The interesting part of the underlying dispute is the order of play:
On December 28, 2016, Game Plan, a non-profit company that works with student-athletes, filed an application to register the mark shown above in connection with charitable fundraising services via t-shirt sales. The mark was registered on June 5, 2018.
In March of 2018, LeBron James-founded media company Uninterrupted filed several intent-to-use applications for trademarks containing I AM MORE THAN AN ATHLETE covering clothing and entertainment services. These filings followed LeBron’s use of the retort in an Instagram post in February of 2018.
On November 28, 2018, Game Plan opposed those applications, citing its 2016 priority date.
Uninterrupted then answered and indicated that on February 22, 2019 – after the opposition was filed – it had acquired common law rights in the mark MORE THAN AN ATHLETE from a prior user having rights dating back to at least 2012.
That trademark jiu-jitsu worked. By acquiring a mark and associated goodwill of a prior rightsholder not previously in the mix, Uninterrupted flipped the seniority of the combatants.

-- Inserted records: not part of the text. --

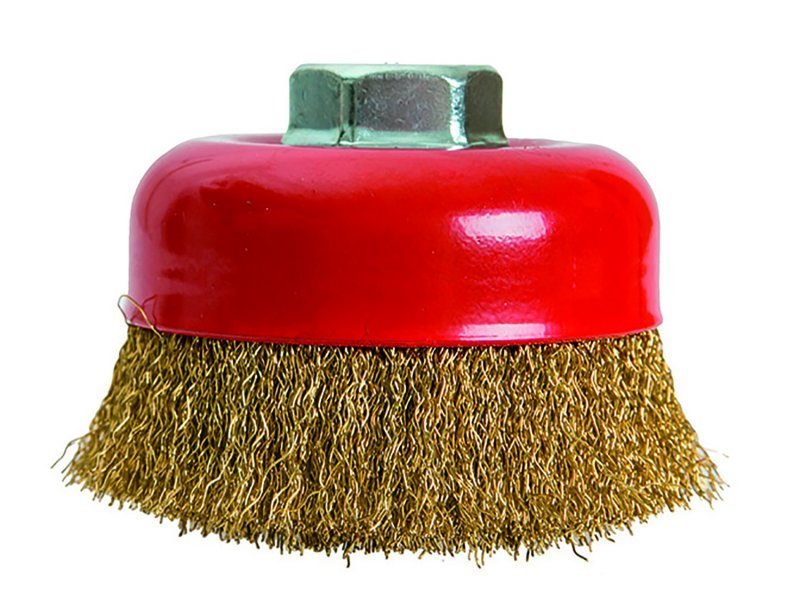 Kartáč miskový s mosaznými vlnitými drátky, uchycení M14, hrnkový, vhodné pro nerezové materiály. Instruktážní video
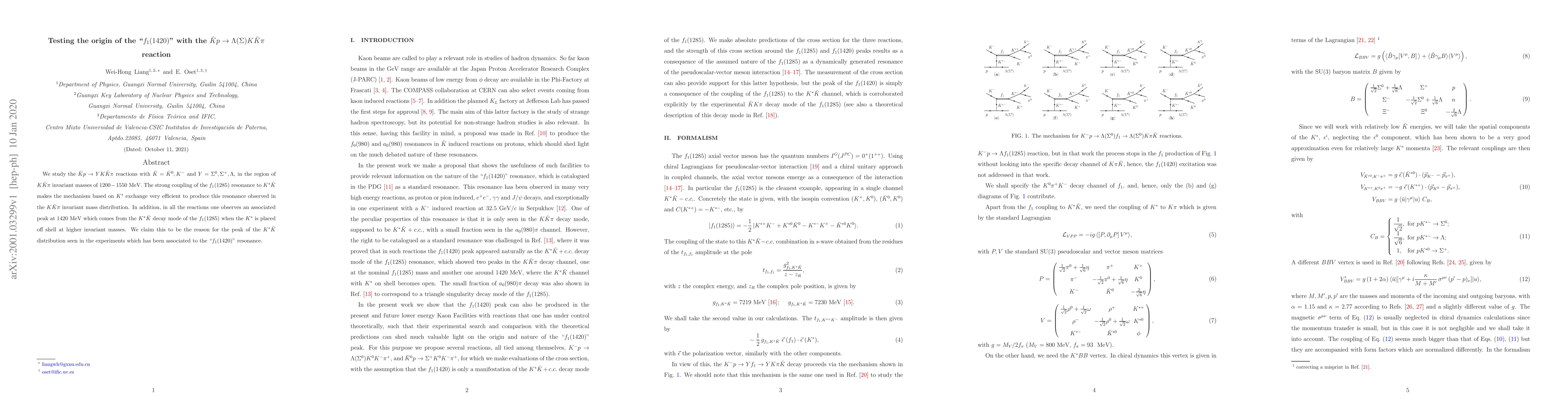 We study the $\bar K p \to Y K\bar K \pi$ reactions with $\bar K = \bar K^0, K^-$ and $Y=\Sigma^0, \Sigma^+, \Lambda$, in the region of $K\bar K \pi$ invariant masses of $1200-1550$ MeV. The strong coupling of the $f_1(1285)$ resonance to $K^* \bar K$ makes the mechanism based on $K^*$ exchange very efficient to produce this resonance observed in the $K\bar K \pi$ invariant mass distribution. In addition, in all the reactions one observes an associated peak at $1420$ MeV which comes from the $K^* \bar K$ decay mode of the $f_1(1285)$ when the $K^*$ is placed off shell at higher invariant masses. We claim this to be the reason for the peak of the $K^* \bar K$ distribution seen in the experiments which has been associated to the "$f_1(1420)$" resonance.
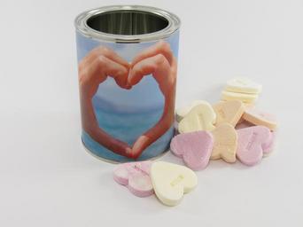 Keywords: heart hearts gift glance tin silver white metal paper container fill image cans background sheet store colorful pink yellow orange color colors
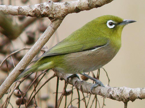 黄緑色をしており、目の周りが白い特徴があります。 冬は庭木にも良く見られます。梅の花の蜜が大好物。
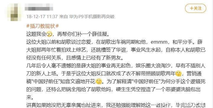 但网络这东西记性可好啦,就算薛佳凝这辈子都不再说起“插刀教”这事儿,还是会有网友记住她这段不光彩的过往,到时候自然会有人替她再翻出来。薛佳凝还有件不太光彩的事儿,就是老拿和胡歌的那段过往说事儿,不是现实里纠缠,而是总炒作以前的感情。
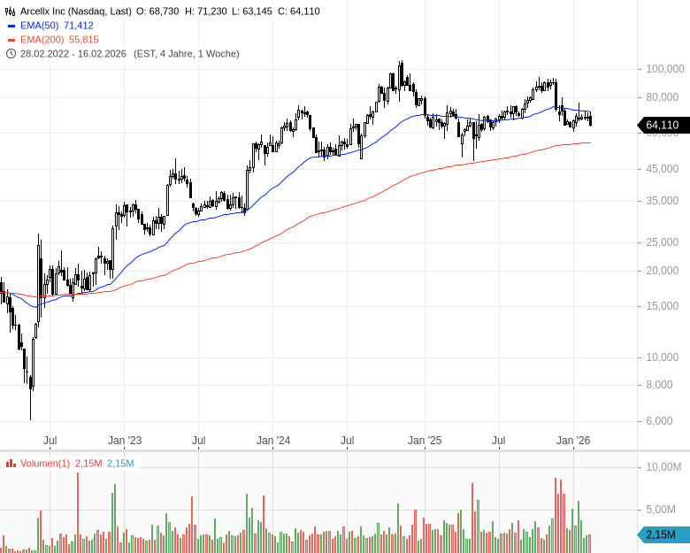 - Arcellx Inc - WKN: A3DEJC - ISIN: US03940C1009 - Kurs: 64,110 $ (Nasdaq)
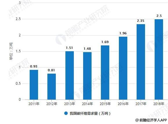 近年来,我国碳纤维的需求量呈现波动增长的态势。以体育用品及风电叶片的强劲增长带动了我国碳纤维的消费量,2011年我国碳纤维需求量仅仅达0.93万吨。2013年我国碳纤维需求量超1.5万吨。截止至2017年,我国碳纤维需求量实现高速增长,突破2万吨,达到2.35万吨,同比增长19.89%。初步测算2018年我国碳纤维需求量将达到2.5万吨左右,同比增长6.38%。
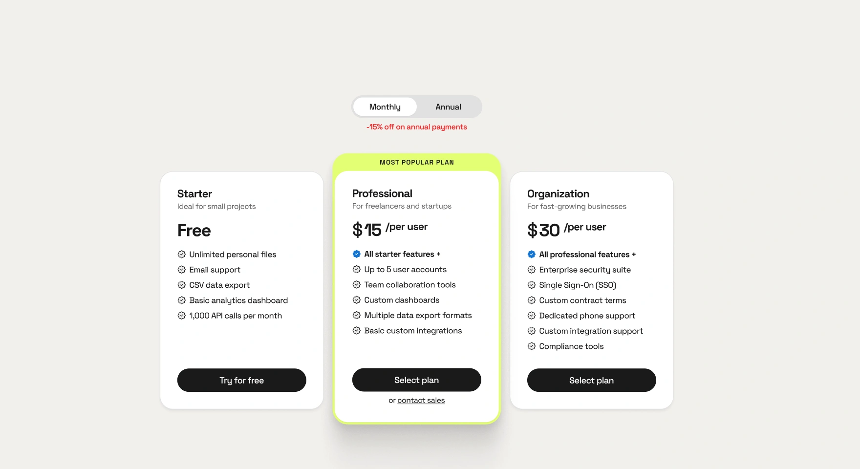 Use colour theory to draw attention to the pricing tier you want to promote, like Pipedrive and Notion do by using a contrasting button for their ‘Plus’ plan or a ‘Popular’ tag. Highlighting the most recommended or popular option helps guide users to a decision.
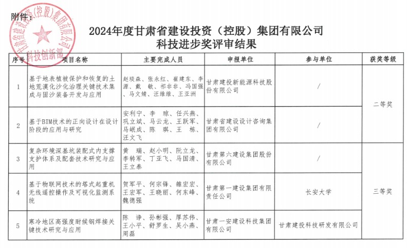 喜訊!我公司承擔(dān)的省科技重大專項(xiàng)科研項(xiàng)目榮獲2024年度甘肅建投科技進(jìn)步獎二等獎
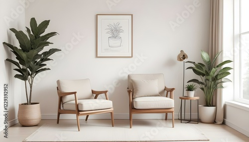 Una sala de estar minimalista con un sillón beige, una pequeña mesa auxiliar de madera y una maceta contra una pared blanca y lisa
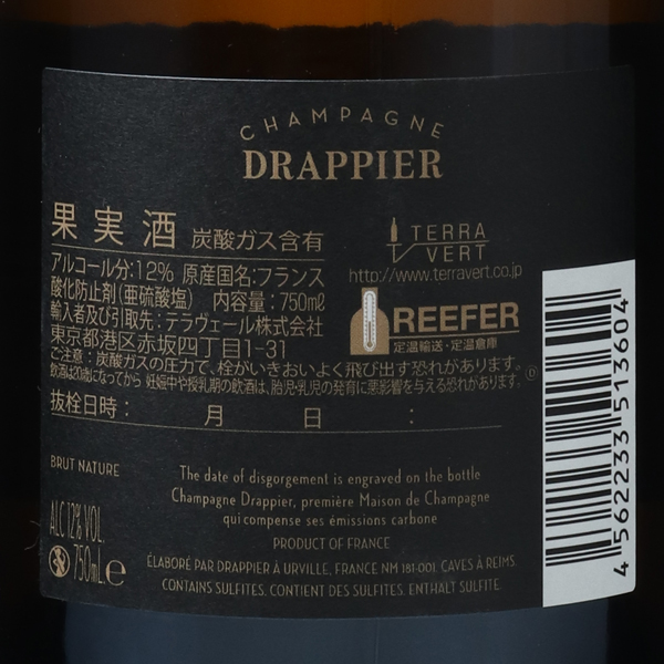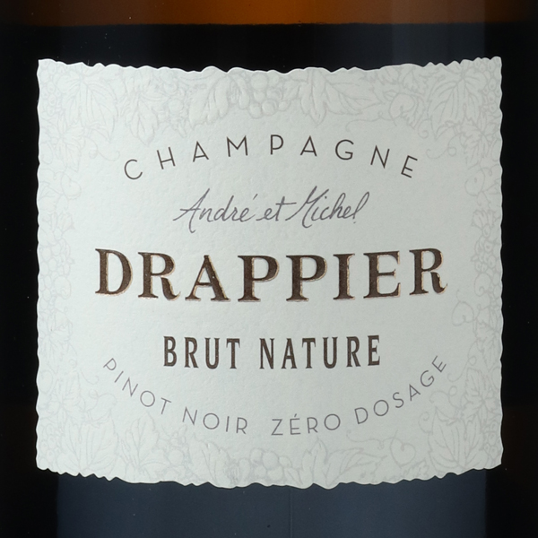 シャンパーニュ髄一の自然派。1989年から農薬を使用せずに有機栽培を行うドラピエ。ブリュット・ナチュールは、100%ピノ・ノワール。ウルヴィル村の南斜面の中腹、日照量の多い畑の成熟した葡萄のみを使用。ブリュット・ナチュールを造る為の畑。収穫を通常よりも遅くすることで力強さ、果実のピュアさを得ている。ドサージュなしでも痩せた感じがない仕上がりです。
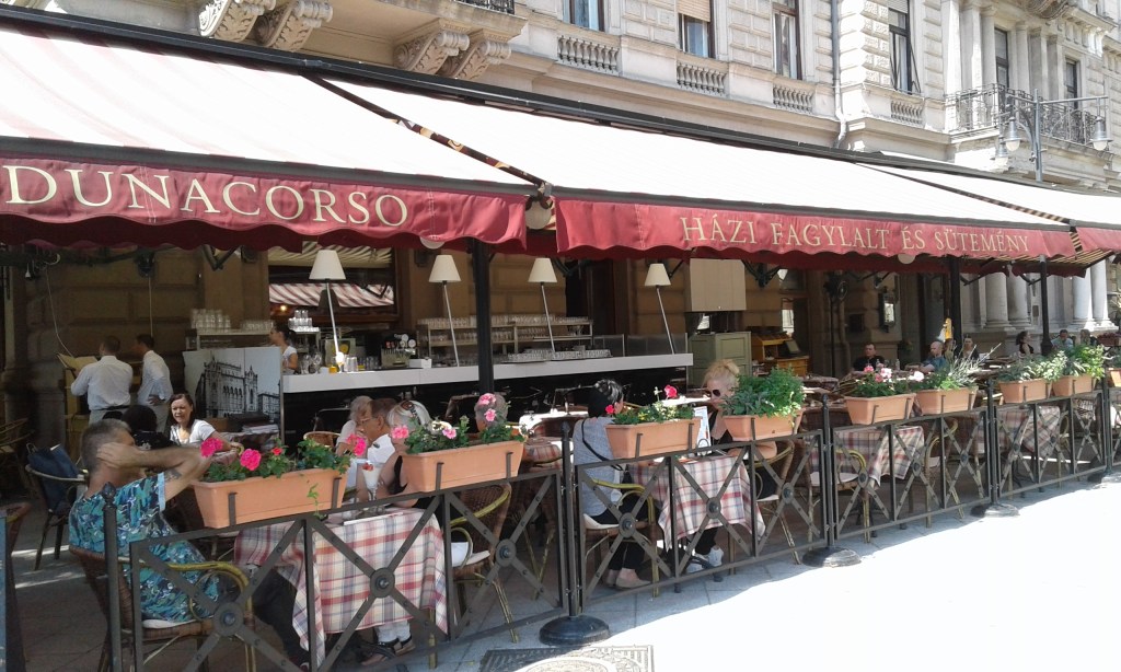 Almoçamos no restaurante Dunacorso (Vigadó tér 3), pois achamos o ambiente bem agradável, com mesas ao ar livre. Descobrimos depois que o lugar é muito tradicional, pois abriga restaurantes desde 1870. Este, em específico, pertence a mesma família há 40 anos. Como já esperávamos, os preços eram um pouco altos, por conta da localização privilegiada, mas a comida estava muito boa e o serviço foi rápido e eficiente. Comemos um frango com molho de páprica, acompanhado de spaetlze e um filet de peixe com aspargos, que veio com uma espécie de tortilla de batatas. O primeiro prato era bem servido, já o segundo não era generoso. Pedimos também uma taça de vinho da casa para cada um e uma garrafa de água mineral. Os pratos custaram 3.490 e 4.690 florins e o que encareceu bem a conta foi o vinho (1290 florins cada taça). Dica: se gostar, peça cerveja!
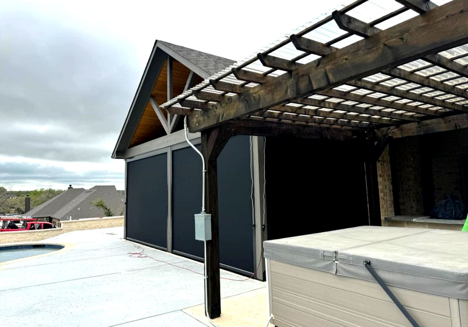 The V-Track retention system is engineered to tight tolerances. Tracks must be level, fabric tension must be consistent, and motor limits must be calibrated precisely. This is why every installation is performed by dealers who have been factory-trained on the V-Track system — not general contractors learning on the job.
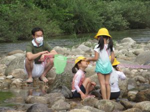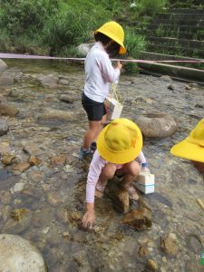 ・魚を捕まえることを楽しみにしていたのですが、前日の下見で見た魚がいなかったものの、子どもたちは各々に楽しみを見つけて川遊びを満喫していました。
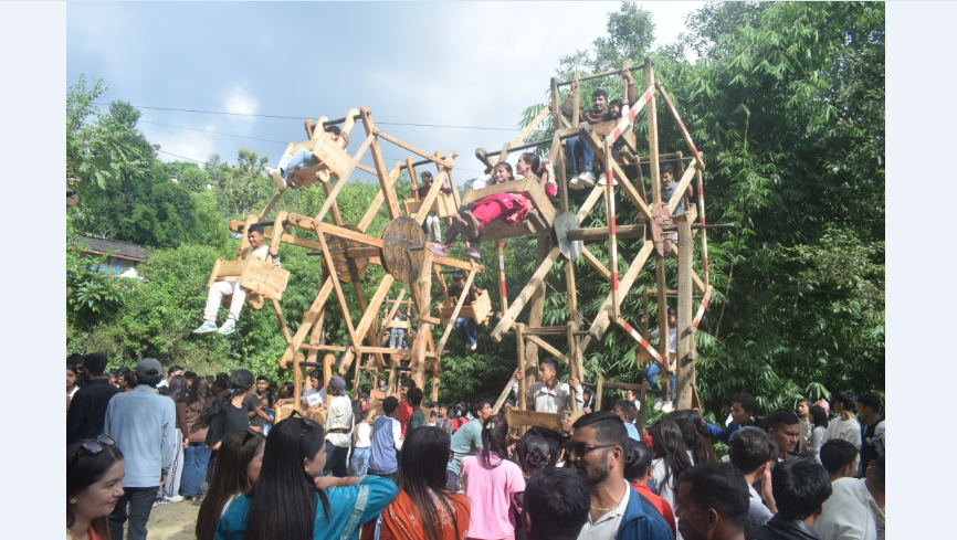 सरायको रौनकसँगै दसैँ मेलामा काठेपिङ चढ्नेको घुइँचो
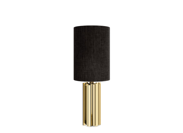 The Empire II Table Lamp introduces a new twist to the Empire collection by adding a new feature to the metallic series: fabric. The iconic lines in gold-plated brass and geometric vigour remain, but a new detail emerges as the lampshade appears dressed in a dashing black fabric that makes all the difference.
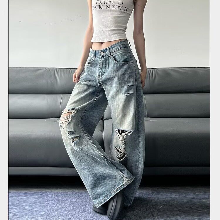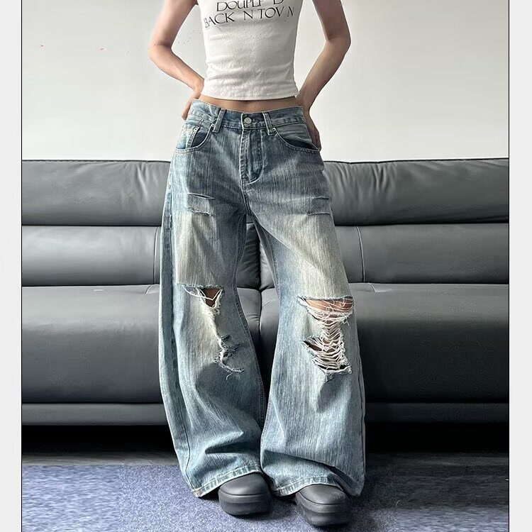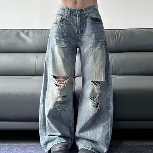 潮 男女宽松阔腿破洞设计感长裤 2026春季 复古做旧拆破竹节纹牛仔裤
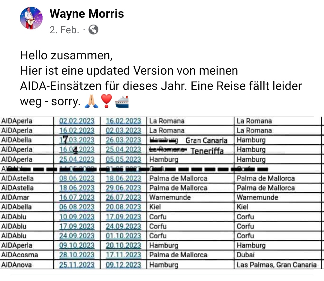 Weiß jemand, auf welchen Reisen Wayne Morris ab Oktober 2023 dabei ist?
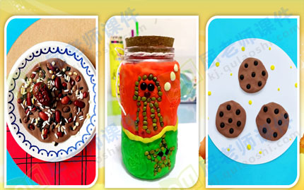 2、我来贴贴看 (1)幼儿自主选择材料,制作谷物贴画。 鼓励幼儿仔细观察各种谷物的颜色、形状等,并利用谷物固有的颜色、形状进行自由拼贴。 (2)分组探究装饰粘贴方式,幼儿自有操作。 提示:轻泥有粘性,可以用轻泥覆盖纸盘底部后用各类谷物粘贴装饰,也可用轻泥包裹小玻璃瓶后粘贴谷物。应该放手让幼儿完成创作。
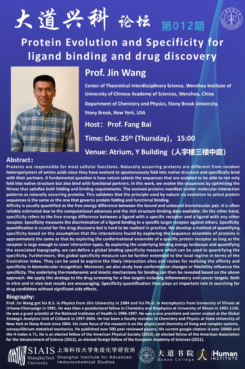 报告题目:Protein Evolution and Specificity for ligand binding and drug discovery
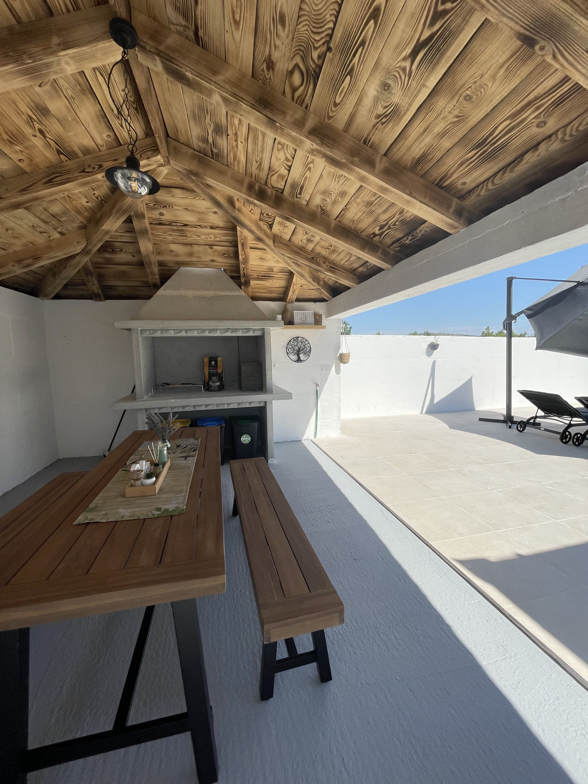 The property is set on a large, fully fenced plot offering both privacy and safety. The outdoor area includes two spacious terraces, a swimming pool with sun loungers and umbrellas, an outdoor shower, a dining table, and a stone barbecue for preparing meals outside. Children can enjoy the playground, and an additional outdoor toilet provides extra convenience.
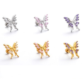 Orecchio in acciaio inossidabile PIERC farfalla orecchino CZ lastricato squisito orecchio perno trago labbro anello Piercing per il corpo gioielli
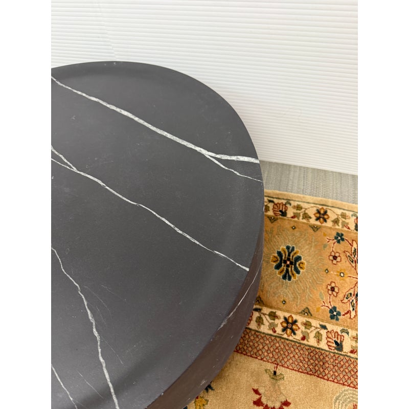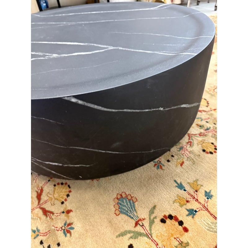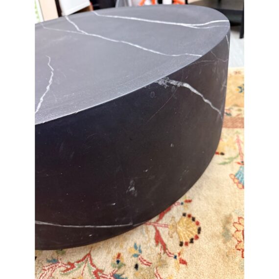 Design Plus Gallery presents the Vozelle Coffee Table from Kelly Clarkson Home. With a simple, elegant design, this round fiberglass coffee table is a standout choice for your living room setup. It has a faux marble look in a dynamic hue of your choice to bring a classical vibe to your space. This table strikes a drum silhouette with recessed edges to help protect the contents on top. The sizable surface is a great place to keep a spread of magazines or a stack of coasters for your favorite beverages. It is in good overall condition for its usage.
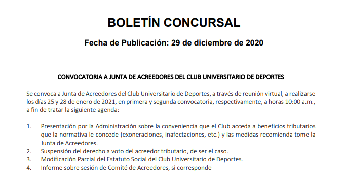 Contexto: la “U” ingresó a proceso en 2012. En 2017, aprobó su plan de reestructuración. Es el ÚNICO con 3 activos (Monu,Lolo y Campomar). Se optó por su gestión (concesión, etc) y así pagar. Nunca x flujo corriente. En 2020, plan venció sin mayor avance por peleas (Gremco/Sunat)
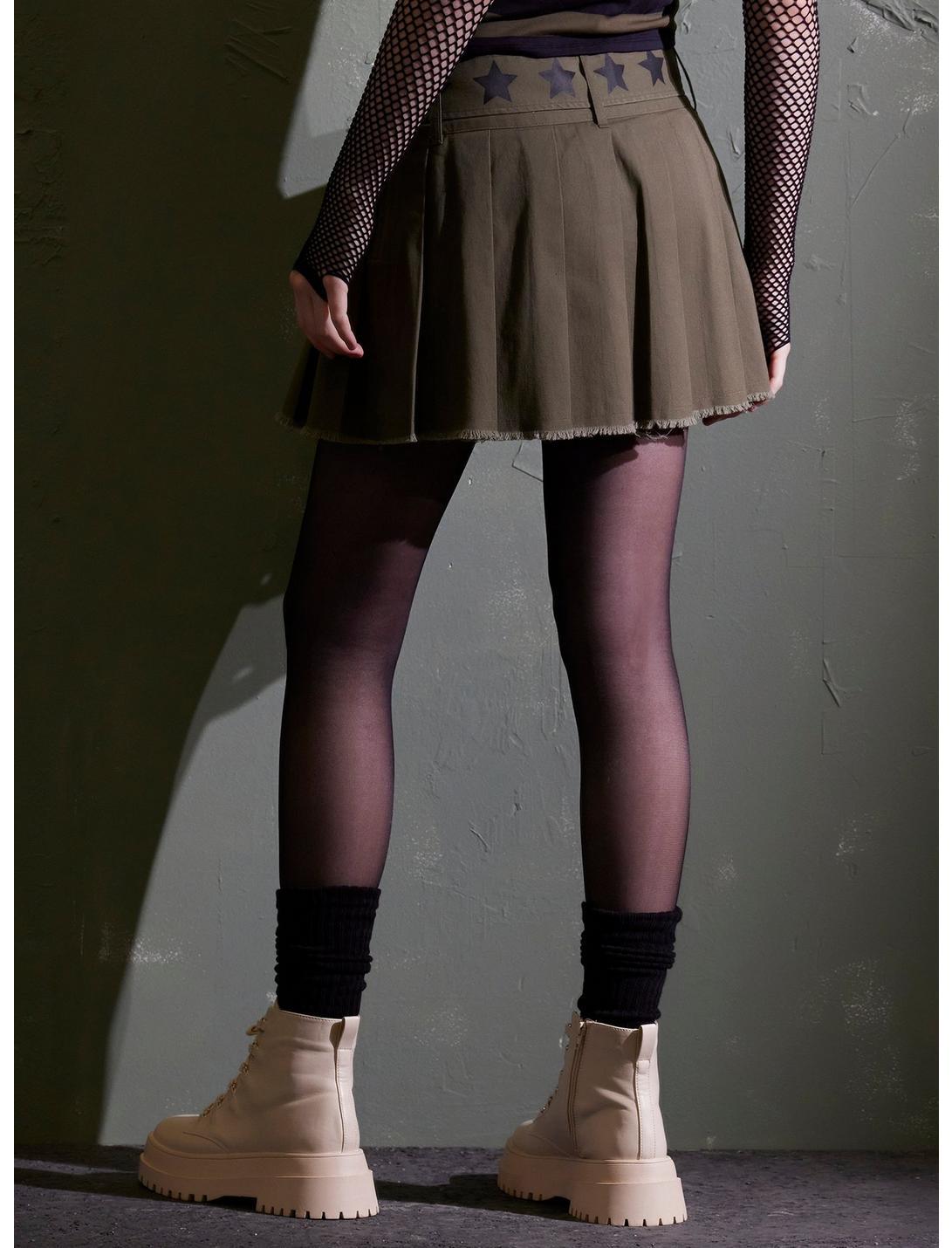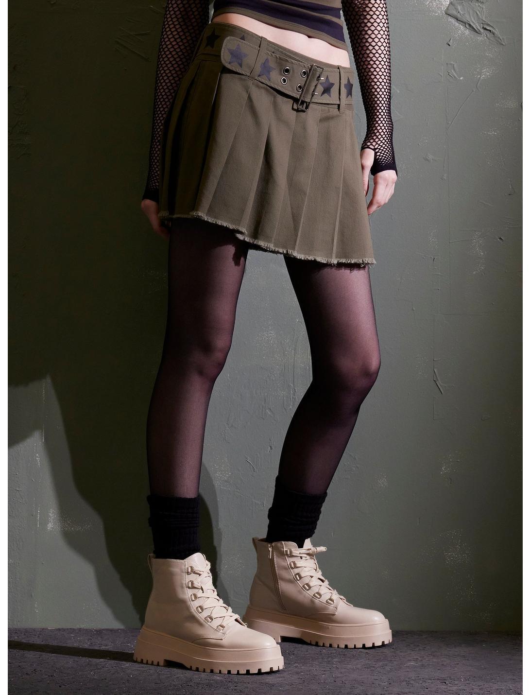 Get the muddy, grungy look with this green pleated skirt! It has a low rise and comes with a removable belt with star and grommet detailing, plus a raw hem. Complete with a side zipper closure.Please note: Style is fitted with no stretch; size up for a looser fit.100% cottonWash cold; dry lowLength: 14''ImportedListed in junior sizes

For larger brands clearing a new trademark, search results often reveal prior users that marketers view as competitively irrelevant: different trade channels, different positioning, limited scale, or minimal market visibility. The natural temptation is to focus on what the brand’s primary competitors are doing.
It’s easy to underestimate a “small” player’s motivation or financial wherewithal to object to a larger company’s entry with a similar mark. But it’s also easy to forget that bench players can suddenly get pulled into the game. You never know whether an arch competitor might acquire rights from a small user – either through assignment or license. Acquiring prior trademark rights is almost always tricky, but when it works out it can be sweet.
The lesson for trademark counsel: when adopting or enforcing a trademark, assess the full rights landscape, not just the current competitive priorities. If a senior mark has meaningful overlap in wording and goods or services, it can be risky to discount it too heavily based only on conceptions as to who owns it today.